On Earth, the development of technology demanded easy access to open-air combustion—a process in which something is burned by combining a fuel and an oxidant, usually oxygen, the statement elaborated. From cooking to making materials to constructing homes, combustion is the crux of modern society. The findings of the study were published in the journal Nature Astronomy.
The controlled use of fire and metallurgical advancements were possible when oxygen levels in the atmosphere reached or exceeded 18. Hence, this could mean that planets with significant oxygen concentrations will be capable of developing advanced technospheres, and, therefore, they might leave behind technosignatures.

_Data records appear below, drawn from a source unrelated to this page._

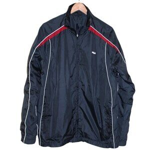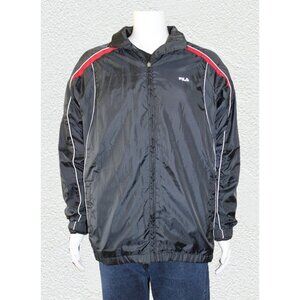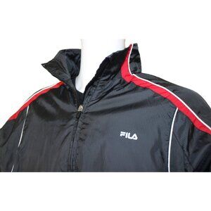 FILA Windbreaker Jacket - Retro Black with Red & White Trim - Unisex Size XL
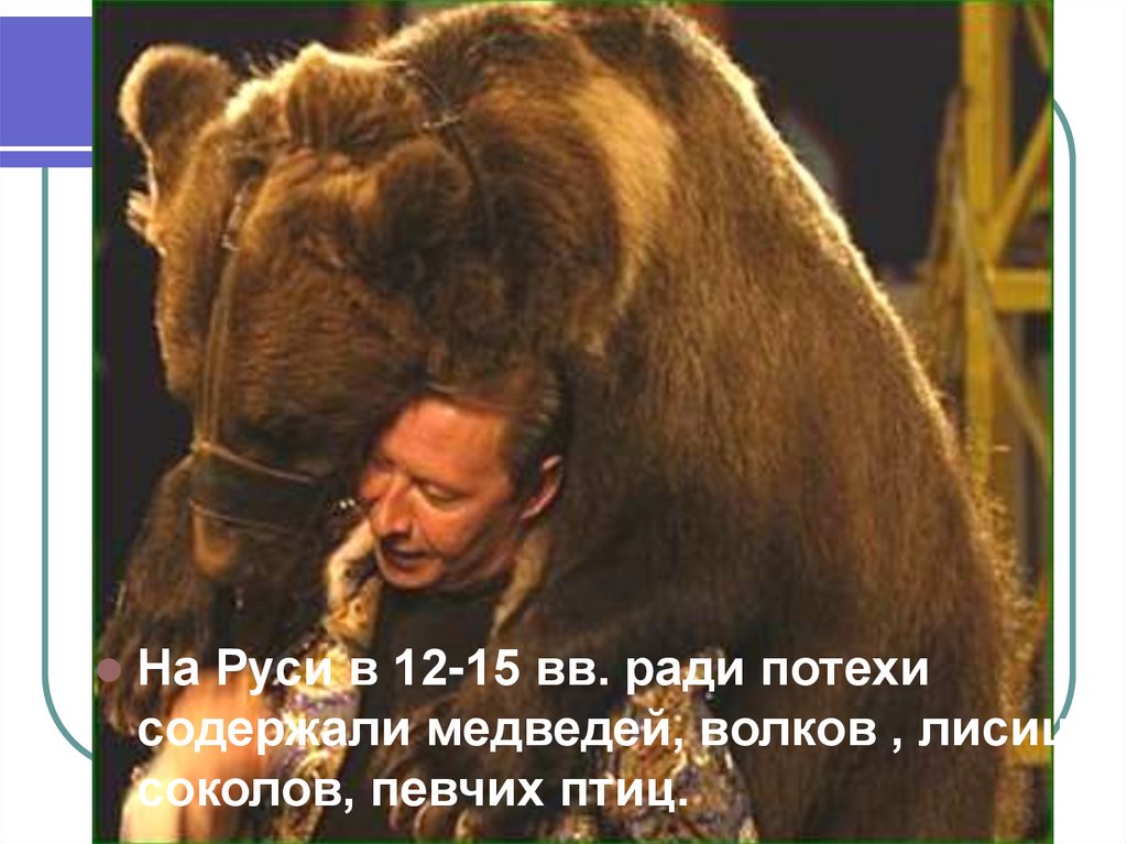 На Руси в 12-15 вв. ради потехисодержали медведей, волков , лисиц,
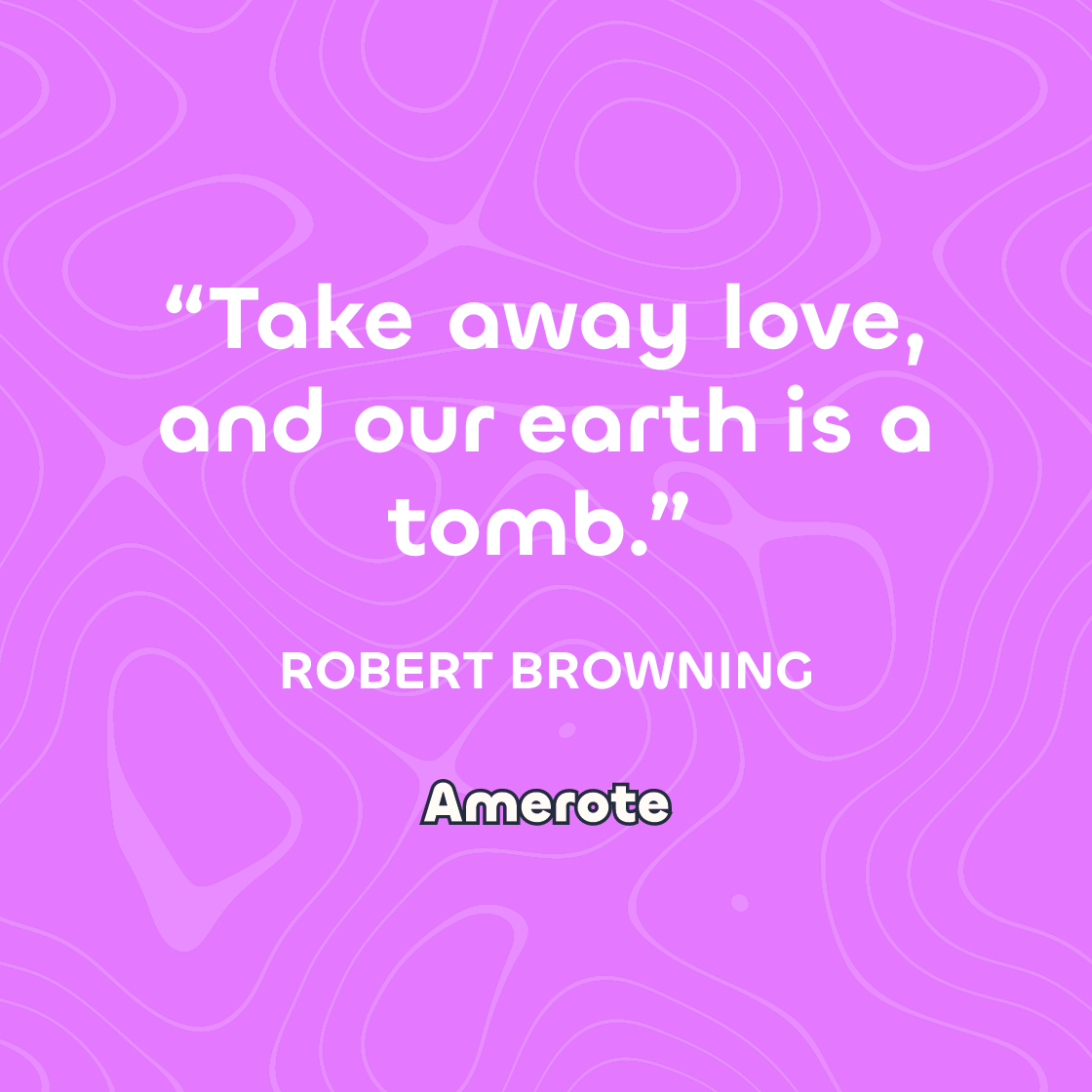 - “Take away love, and our earth is a tomb.” — Robert Browning, A Blot in the ’Scutcheon (1843)

“You might be able to get biology—you might even be able to get intelligent creatures—in a world that doesn’t have oxygen," study author Adam Frank said in the statement. However, without a source of fire, there is no way to develop higher technology because higher technology requires fuel and melting, he added.
To mark this, the researchers have come up with the term ‘oxygen bottleneck,’ which refers to the threshold that separates planets capable of fostering technological civilizations from those that cannot. “You can have everything else work out, but if you don’t have oxygen in the atmosphere, you’re not going to have a technological species," Frank added in the statement.
Hence, the researchers suggest that planets with high oxygen levels should be prioritised because it could be a major clue in finding potential technosignatures.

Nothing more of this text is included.